**REQUIREMENT:**
Give back exactly the lines from the beginning of the listing below to the line holding "Lawn 3pc in small(binsaed fabric)", both ends included; the pictures stay out.

**PROVIDED MATERIAL:**
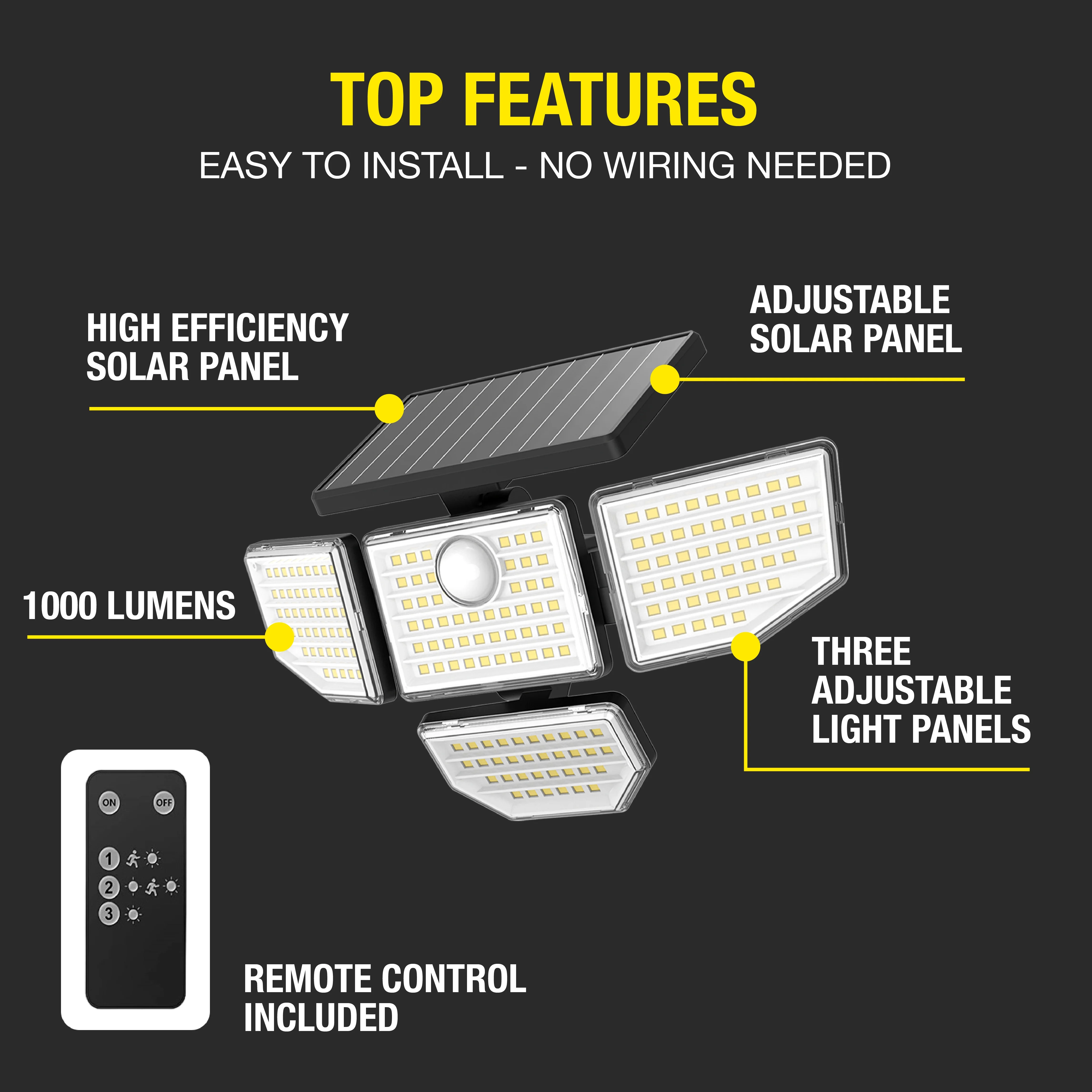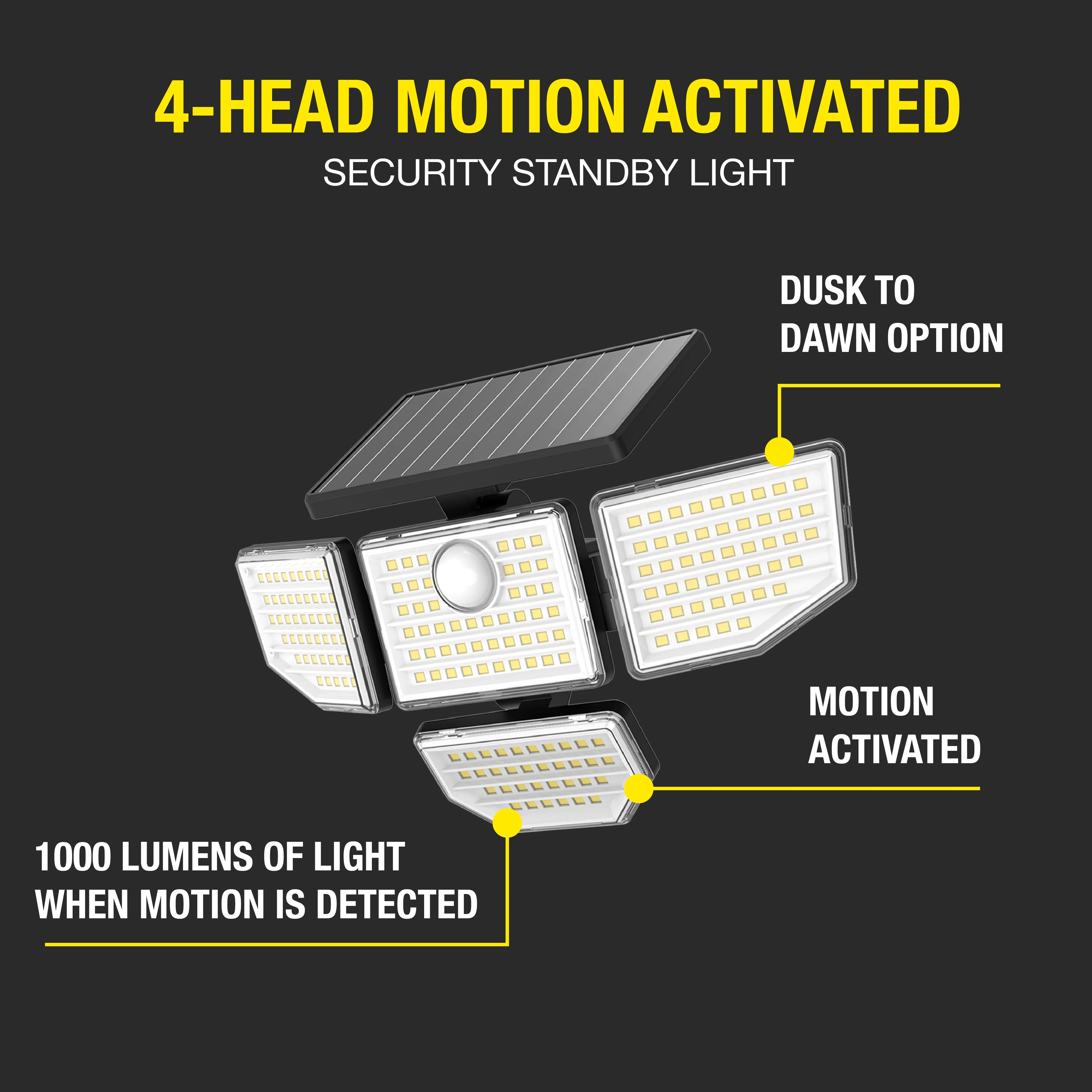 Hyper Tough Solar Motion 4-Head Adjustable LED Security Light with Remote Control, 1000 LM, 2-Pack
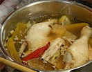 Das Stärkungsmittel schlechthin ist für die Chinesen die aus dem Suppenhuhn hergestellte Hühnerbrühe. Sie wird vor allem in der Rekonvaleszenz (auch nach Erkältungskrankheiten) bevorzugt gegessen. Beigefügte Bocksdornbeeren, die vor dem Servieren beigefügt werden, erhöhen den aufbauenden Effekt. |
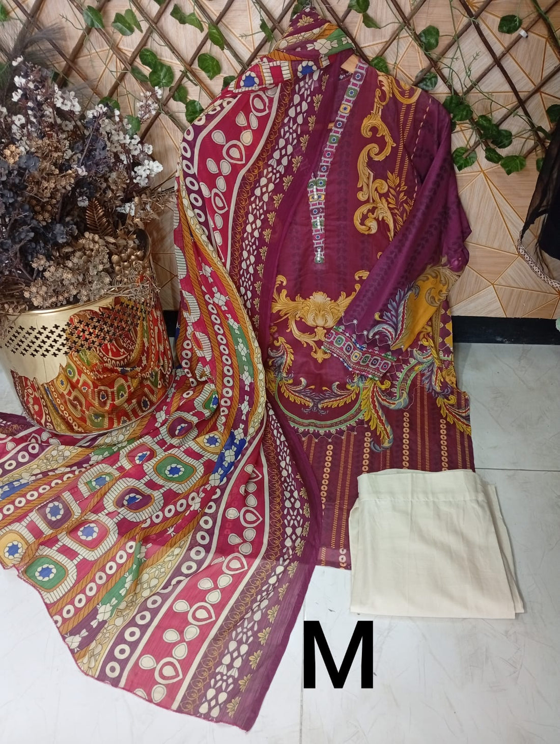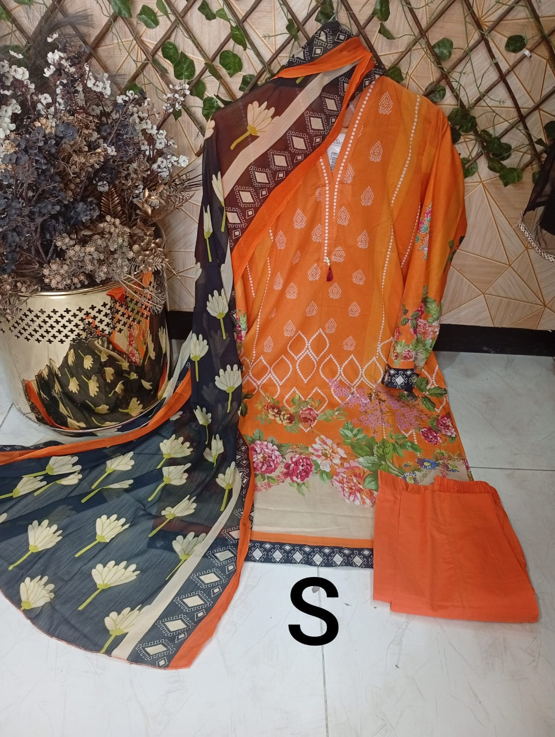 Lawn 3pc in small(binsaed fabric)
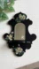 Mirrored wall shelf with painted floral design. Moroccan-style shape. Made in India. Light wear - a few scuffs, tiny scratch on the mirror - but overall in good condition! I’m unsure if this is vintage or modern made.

**REPLY:**
 Hyper Tough Solar Motion 4-Head Adjustable LED Security Light with Remote Control, 1000 LM, 2-Pack
 Das Stärkungsmittel schlechthin ist für die Chinesen die aus dem Suppenhuhn hergestellte Hühnerbrühe. Sie wird vor allem in der Rekonvaleszenz (auch nach Erkältungskrankheiten) bevorzugt gegessen. Beigefügte Bocksdornbeeren, die vor dem Servieren beigefügt werden, erhöhen den aufbauenden Effekt. |
 Lawn 3pc in small(binsaed fabric)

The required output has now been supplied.